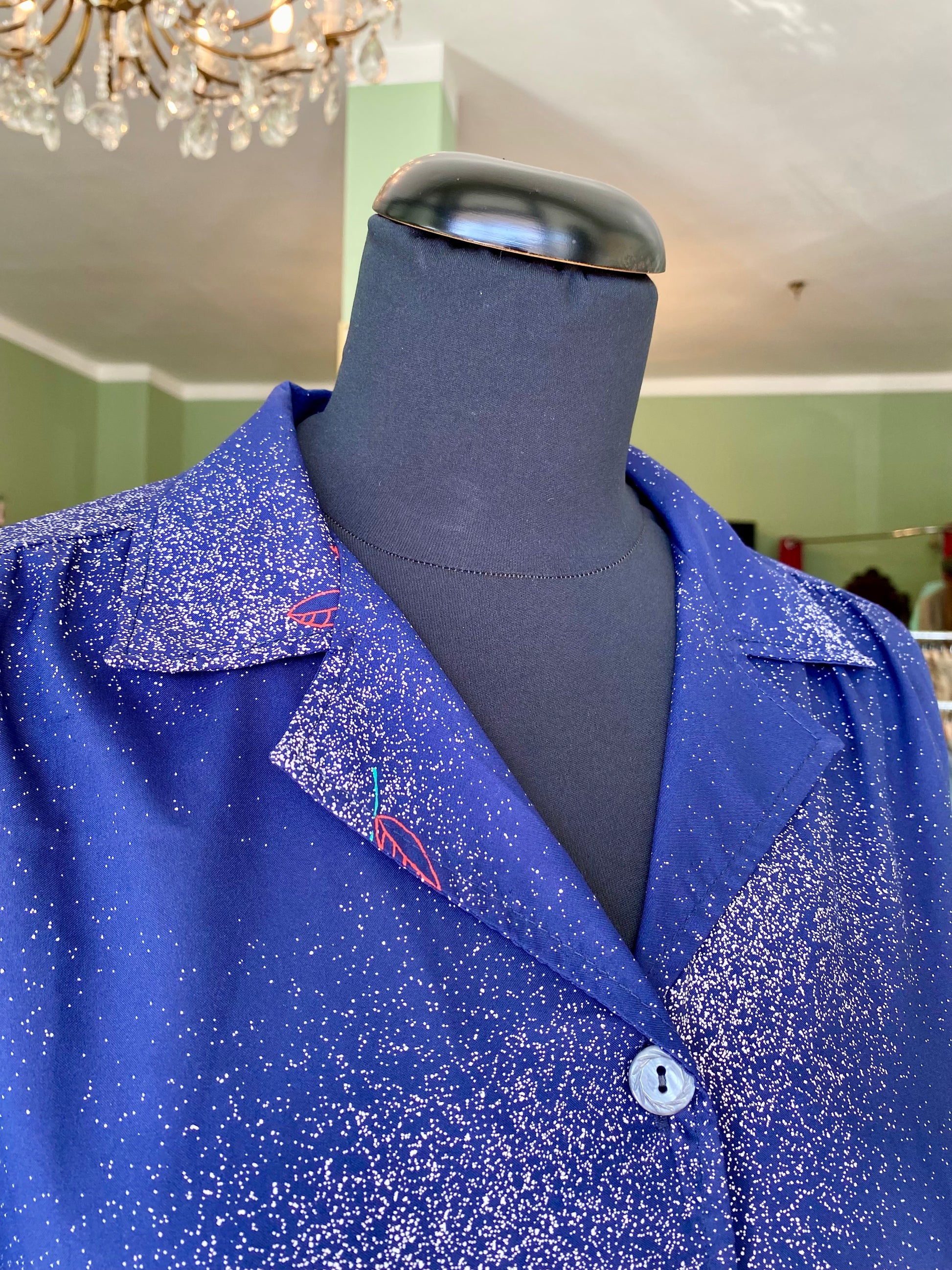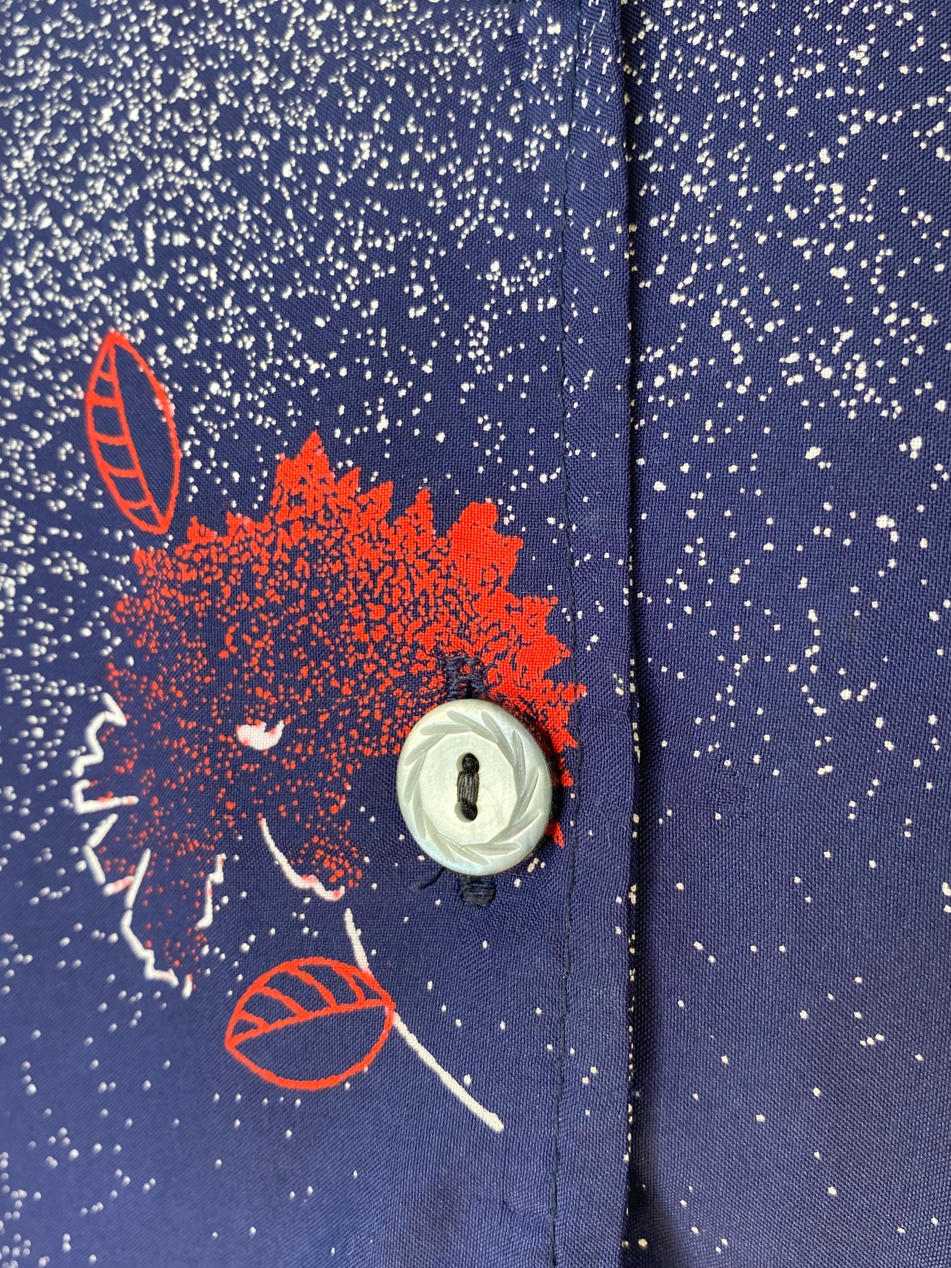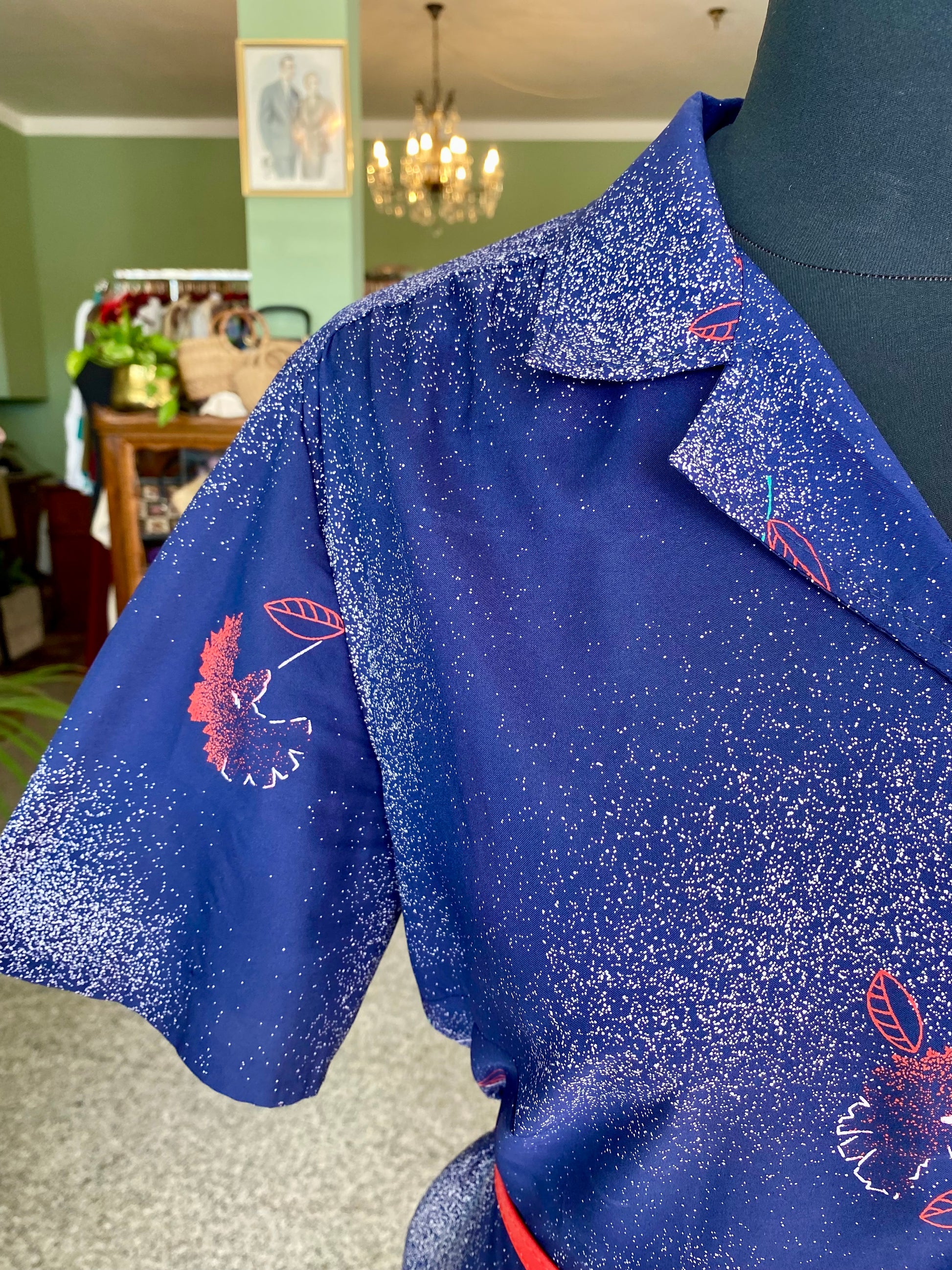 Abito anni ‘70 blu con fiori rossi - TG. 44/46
————————
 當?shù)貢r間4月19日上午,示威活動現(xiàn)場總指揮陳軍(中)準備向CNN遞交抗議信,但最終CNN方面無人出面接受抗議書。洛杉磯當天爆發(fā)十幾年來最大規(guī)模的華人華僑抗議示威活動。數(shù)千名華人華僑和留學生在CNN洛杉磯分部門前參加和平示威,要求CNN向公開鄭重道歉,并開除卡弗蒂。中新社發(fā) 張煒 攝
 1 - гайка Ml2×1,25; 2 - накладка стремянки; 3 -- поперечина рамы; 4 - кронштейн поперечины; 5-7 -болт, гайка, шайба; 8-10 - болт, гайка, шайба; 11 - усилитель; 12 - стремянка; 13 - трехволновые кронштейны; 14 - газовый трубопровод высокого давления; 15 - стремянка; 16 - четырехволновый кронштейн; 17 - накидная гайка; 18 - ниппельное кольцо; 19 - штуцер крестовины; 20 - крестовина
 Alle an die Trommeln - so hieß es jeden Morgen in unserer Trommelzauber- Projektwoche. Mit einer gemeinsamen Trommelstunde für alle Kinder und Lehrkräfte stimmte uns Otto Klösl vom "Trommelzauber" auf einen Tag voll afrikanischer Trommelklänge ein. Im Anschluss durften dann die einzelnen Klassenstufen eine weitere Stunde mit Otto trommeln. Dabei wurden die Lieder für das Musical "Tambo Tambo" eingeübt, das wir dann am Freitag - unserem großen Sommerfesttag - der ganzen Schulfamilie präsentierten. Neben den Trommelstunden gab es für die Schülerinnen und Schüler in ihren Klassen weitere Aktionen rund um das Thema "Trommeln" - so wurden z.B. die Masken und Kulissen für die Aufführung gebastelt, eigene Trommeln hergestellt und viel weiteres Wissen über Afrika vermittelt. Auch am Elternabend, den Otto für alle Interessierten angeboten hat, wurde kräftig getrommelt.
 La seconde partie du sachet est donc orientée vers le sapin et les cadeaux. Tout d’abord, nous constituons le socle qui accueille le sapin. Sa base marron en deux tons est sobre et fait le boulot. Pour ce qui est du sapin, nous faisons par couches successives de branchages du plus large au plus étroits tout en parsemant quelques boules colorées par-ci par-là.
————————
### Instructions to follow
Look back at the entries above. Retype the line with "Alle an die", the line with "La seconde partie", and all lines in between.

### Exercise output
 Alle an die Trommeln - so hieß es jeden Morgen in unserer Trommelzauber- Projektwoche. Mit einer gemeinsamen Trommelstunde für alle Kinder und Lehrkräfte stimmte uns Otto Klösl vom "Trommelzauber" auf einen Tag voll afrikanischer Trommelklänge ein. Im Anschluss durften dann die einzelnen Klassenstufen eine weitere Stunde mit Otto trommeln. Dabei wurden die Lieder für das Musical "Tambo Tambo" eingeübt, das wir dann am Freitag - unserem großen Sommerfesttag - der ganzen Schulfamilie präsentierten. Neben den Trommelstunden gab es für die Schülerinnen und Schüler in ihren Klassen weitere Aktionen rund um das Thema "Trommeln" - so wurden z.B. die Masken und Kulissen für die Aufführung gebastelt, eigene Trommeln hergestellt und viel weiteres Wissen über Afrika vermittelt. Auch am Elternabend, den Otto für alle Interessierten angeboten hat, wurde kräftig getrommelt.
 La seconde partie du sachet est donc orientée vers le sapin et les cadeaux. Tout d’abord, nous constituons le socle qui accueille le sapin. Sa base marron en deux tons est sobre et fait le boulot. Pour ce qui est du sapin, nous faisons par couches successives de branchages du plus large au plus étroits tout en parsemant quelques boules colorées par-ci par-là.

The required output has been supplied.